Dataset:
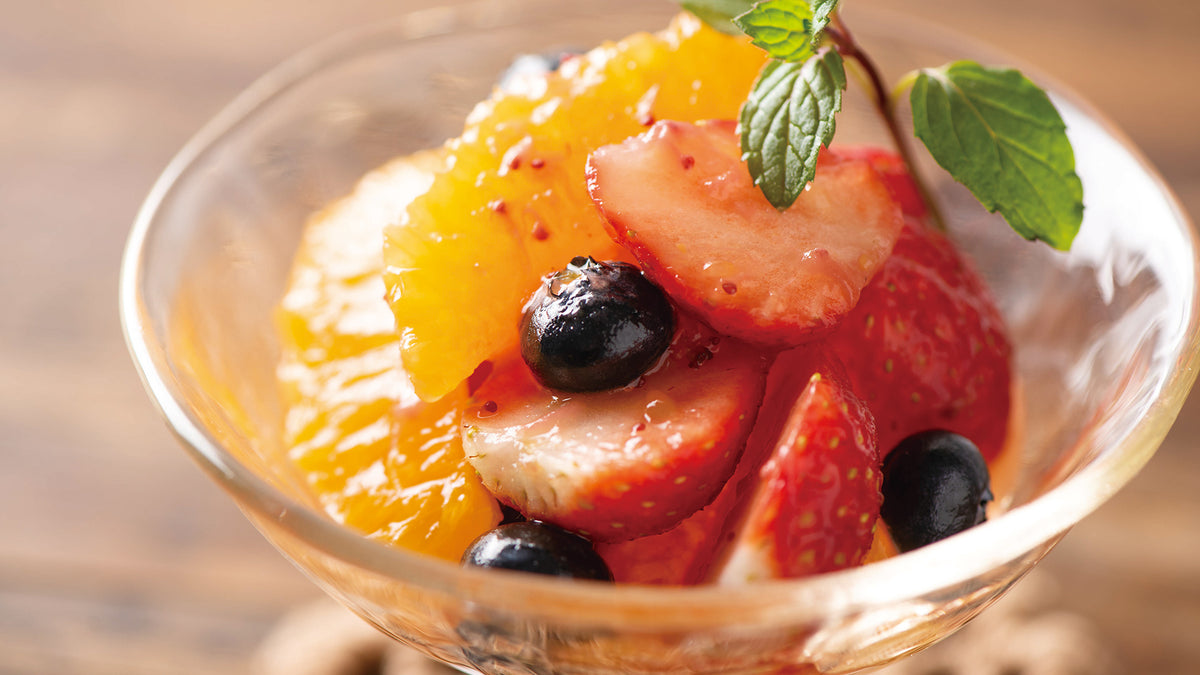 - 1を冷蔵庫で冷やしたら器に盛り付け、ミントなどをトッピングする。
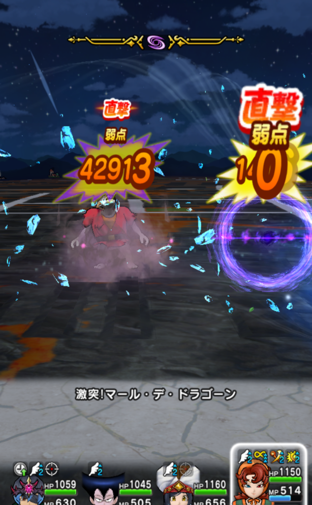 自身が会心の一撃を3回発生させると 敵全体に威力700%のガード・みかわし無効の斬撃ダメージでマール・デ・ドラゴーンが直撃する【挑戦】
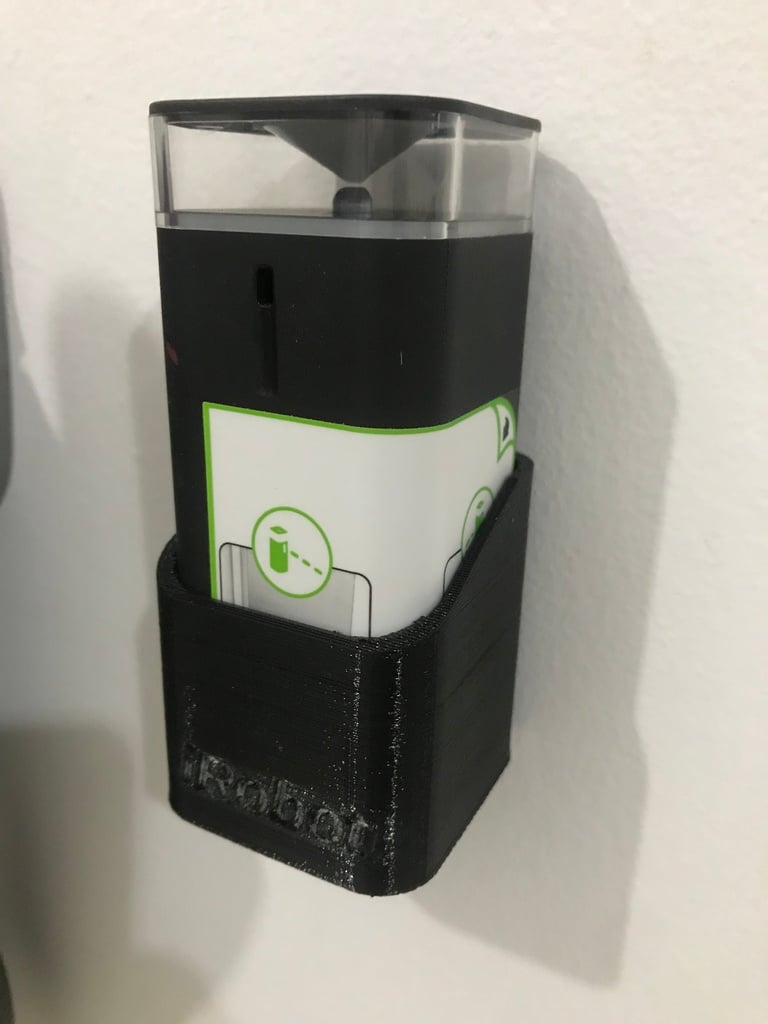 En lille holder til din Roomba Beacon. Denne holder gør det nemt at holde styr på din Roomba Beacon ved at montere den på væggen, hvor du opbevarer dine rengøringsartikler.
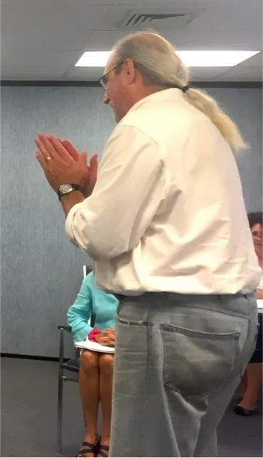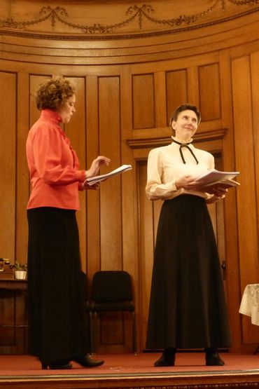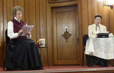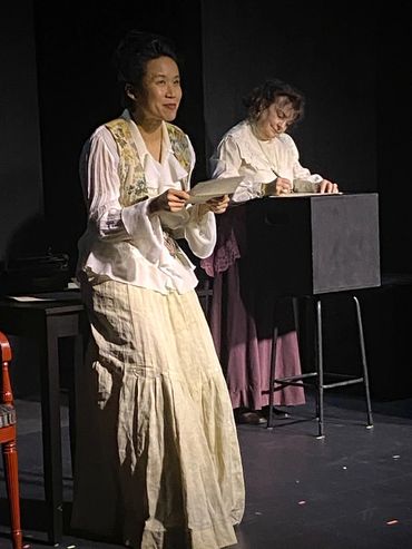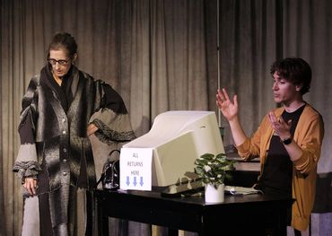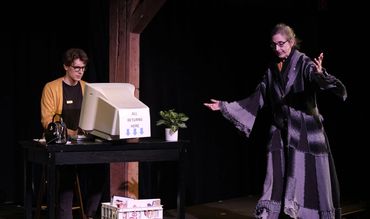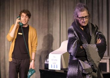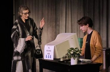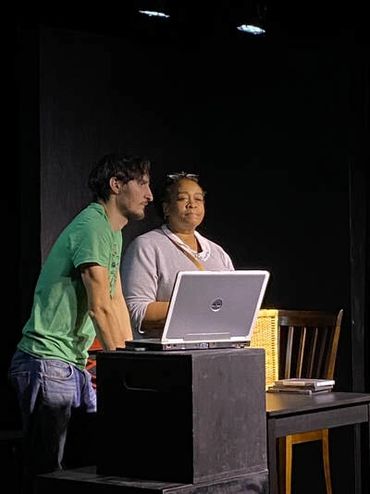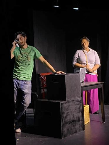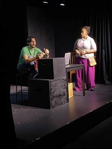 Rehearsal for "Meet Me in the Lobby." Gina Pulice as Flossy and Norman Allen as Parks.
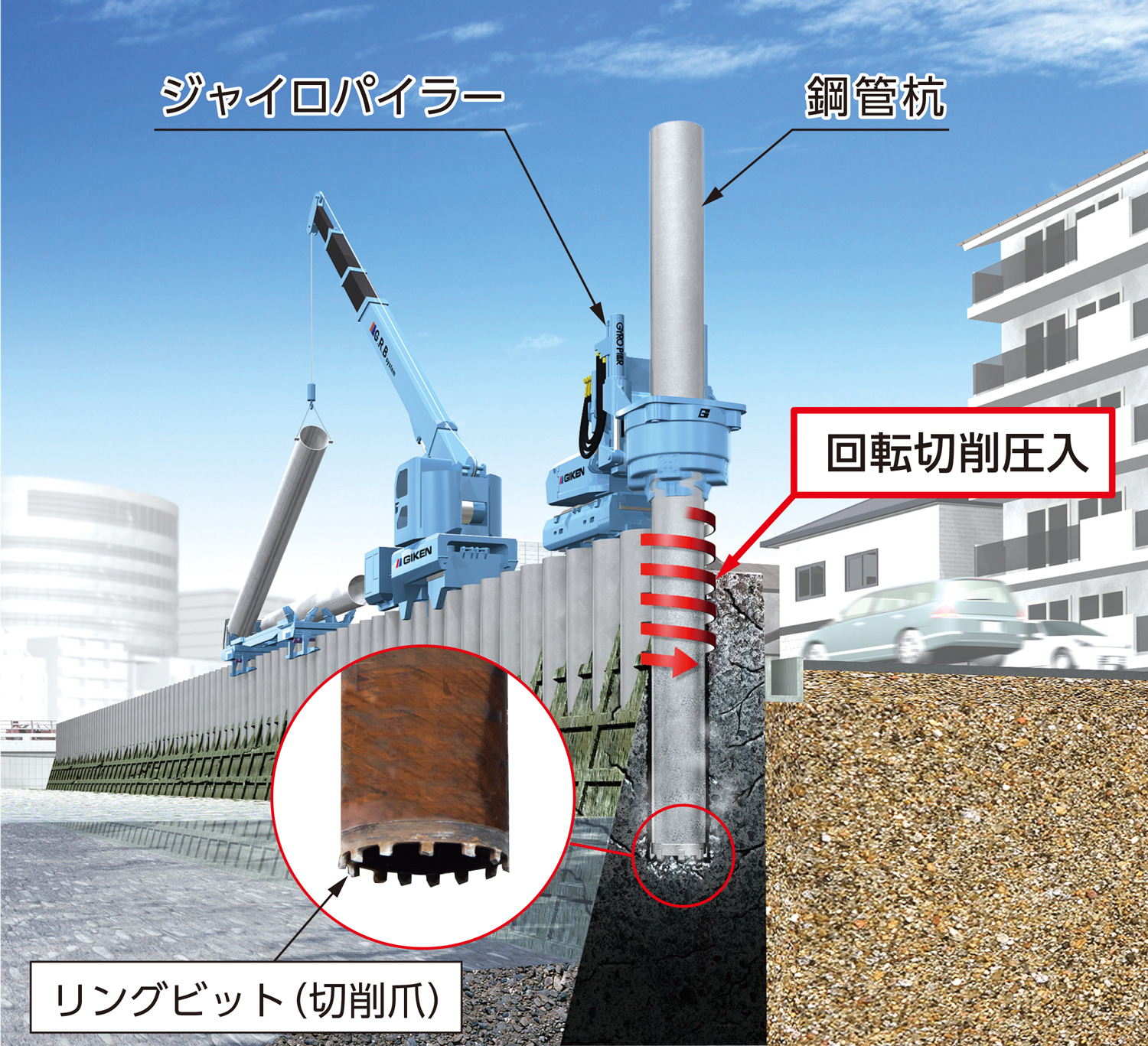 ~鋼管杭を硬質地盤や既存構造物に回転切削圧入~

---

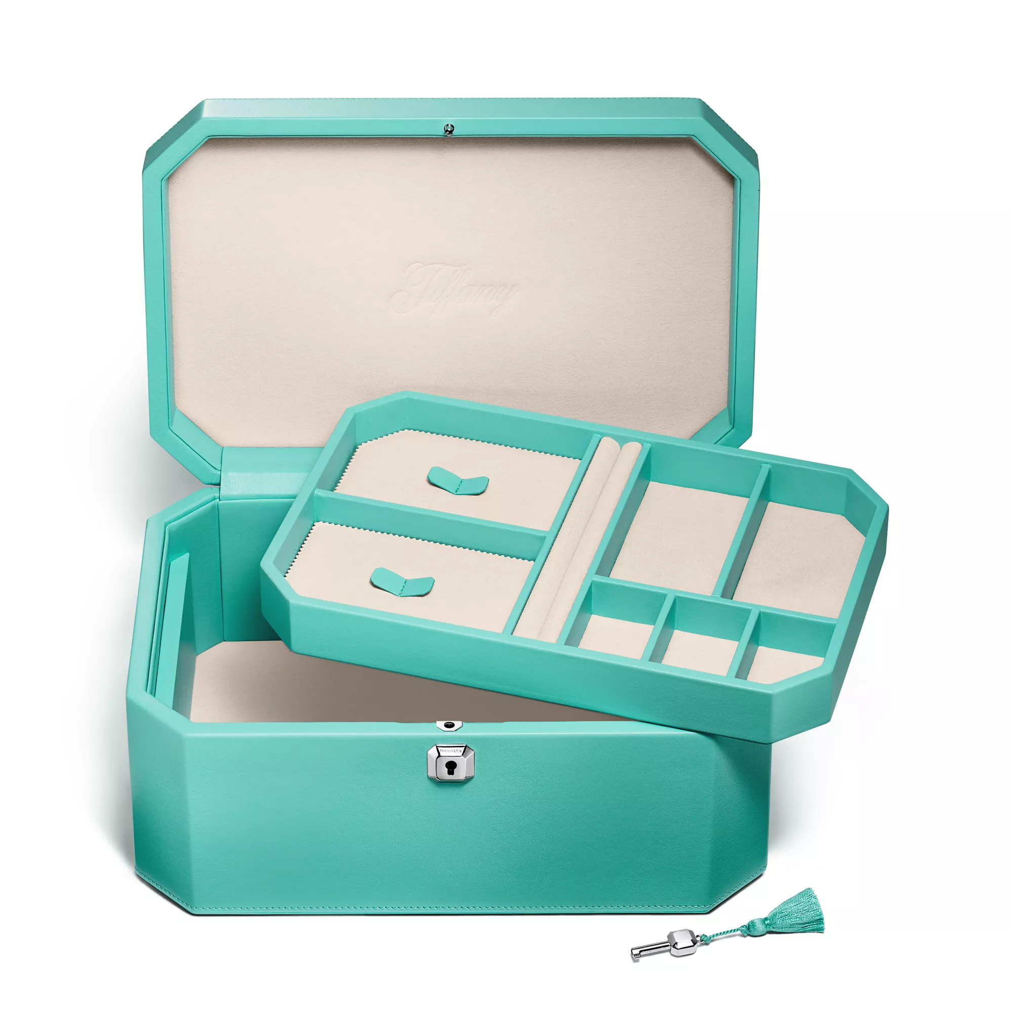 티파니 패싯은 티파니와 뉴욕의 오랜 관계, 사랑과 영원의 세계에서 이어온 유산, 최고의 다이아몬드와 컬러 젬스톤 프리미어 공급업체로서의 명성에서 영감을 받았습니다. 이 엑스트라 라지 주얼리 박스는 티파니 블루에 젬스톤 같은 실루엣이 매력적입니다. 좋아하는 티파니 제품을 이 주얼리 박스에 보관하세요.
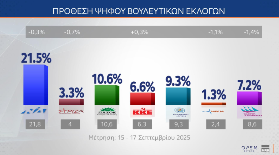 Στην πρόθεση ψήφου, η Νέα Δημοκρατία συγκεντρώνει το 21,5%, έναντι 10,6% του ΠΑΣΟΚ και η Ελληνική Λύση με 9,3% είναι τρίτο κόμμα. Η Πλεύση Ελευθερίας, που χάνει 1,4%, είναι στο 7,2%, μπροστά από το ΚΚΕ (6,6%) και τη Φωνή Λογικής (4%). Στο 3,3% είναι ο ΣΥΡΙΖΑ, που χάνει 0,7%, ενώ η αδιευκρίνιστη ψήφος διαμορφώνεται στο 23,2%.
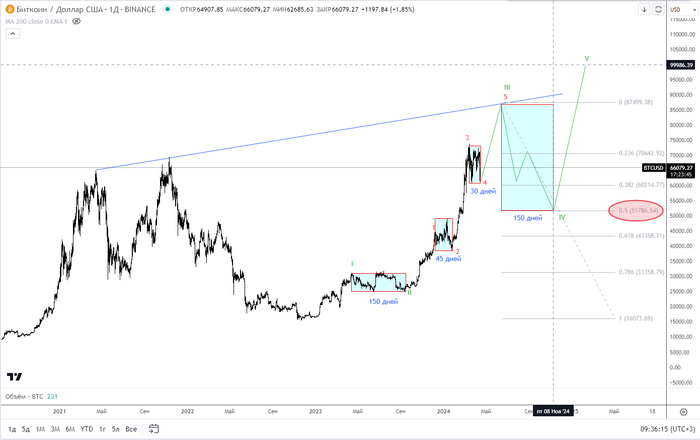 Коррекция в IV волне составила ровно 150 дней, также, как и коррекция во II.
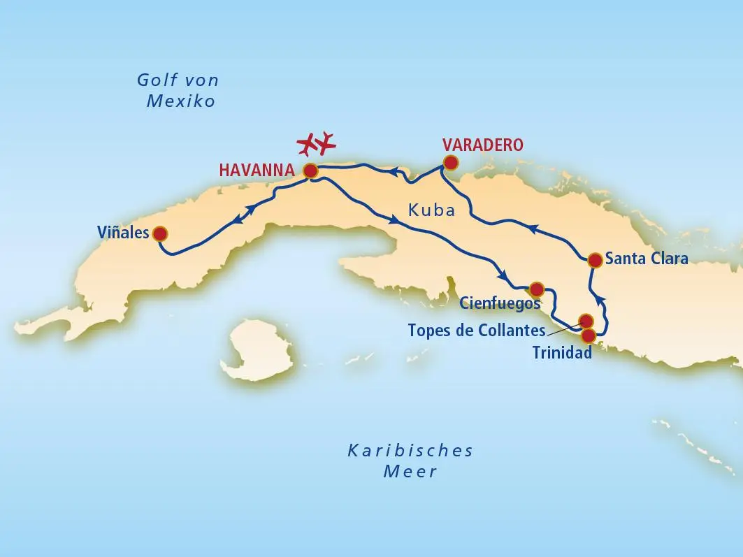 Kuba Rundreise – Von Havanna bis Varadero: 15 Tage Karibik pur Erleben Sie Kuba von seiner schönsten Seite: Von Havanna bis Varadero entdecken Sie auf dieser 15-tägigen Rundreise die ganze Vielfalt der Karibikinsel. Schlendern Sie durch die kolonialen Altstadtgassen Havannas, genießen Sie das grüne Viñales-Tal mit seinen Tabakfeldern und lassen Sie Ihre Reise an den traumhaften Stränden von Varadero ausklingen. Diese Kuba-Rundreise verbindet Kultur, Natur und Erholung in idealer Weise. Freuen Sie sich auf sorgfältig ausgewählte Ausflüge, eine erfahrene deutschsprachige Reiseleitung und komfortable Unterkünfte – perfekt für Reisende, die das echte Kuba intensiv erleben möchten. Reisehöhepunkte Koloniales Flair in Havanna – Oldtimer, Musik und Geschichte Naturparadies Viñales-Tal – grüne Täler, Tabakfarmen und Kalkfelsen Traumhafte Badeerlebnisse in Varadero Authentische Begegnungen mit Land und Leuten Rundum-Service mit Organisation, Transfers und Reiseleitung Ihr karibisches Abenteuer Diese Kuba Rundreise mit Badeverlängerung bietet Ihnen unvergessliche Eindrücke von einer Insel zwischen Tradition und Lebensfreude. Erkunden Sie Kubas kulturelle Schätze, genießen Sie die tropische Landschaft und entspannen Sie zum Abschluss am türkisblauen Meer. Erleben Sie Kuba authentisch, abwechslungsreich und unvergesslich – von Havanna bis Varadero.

Description of the task:
Only one stretch of the entries above is needed: the lines from the one containing "티파니 패싯은 티파니와" through the one containing "Коррекция в IV". Copy it exactly, without the pictures.

Your solution:
 티파니 패싯은 티파니와 뉴욕의 오랜 관계, 사랑과 영원의 세계에서 이어온 유산, 최고의 다이아몬드와 컬러 젬스톤 프리미어 공급업체로서의 명성에서 영감을 받았습니다. 이 엑스트라 라지 주얼리 박스는 티파니 블루에 젬스톤 같은 실루엣이 매력적입니다. 좋아하는 티파니 제품을 이 주얼리 박스에 보관하세요.
 Στην πρόθεση ψήφου, η Νέα Δημοκρατία συγκεντρώνει το 21,5%, έναντι 10,6% του ΠΑΣΟΚ και η Ελληνική Λύση με 9,3% είναι τρίτο κόμμα. Η Πλεύση Ελευθερίας, που χάνει 1,4%, είναι στο 7,2%, μπροστά από το ΚΚΕ (6,6%) και τη Φωνή Λογικής (4%). Στο 3,3% είναι ο ΣΥΡΙΖΑ, που χάνει 0,7%, ενώ η αδιευκρίνιστη ψήφος διαμορφώνεται στο 23,2%.
 Коррекция в IV волне составила ровно 150 дней, также, как и коррекция во II.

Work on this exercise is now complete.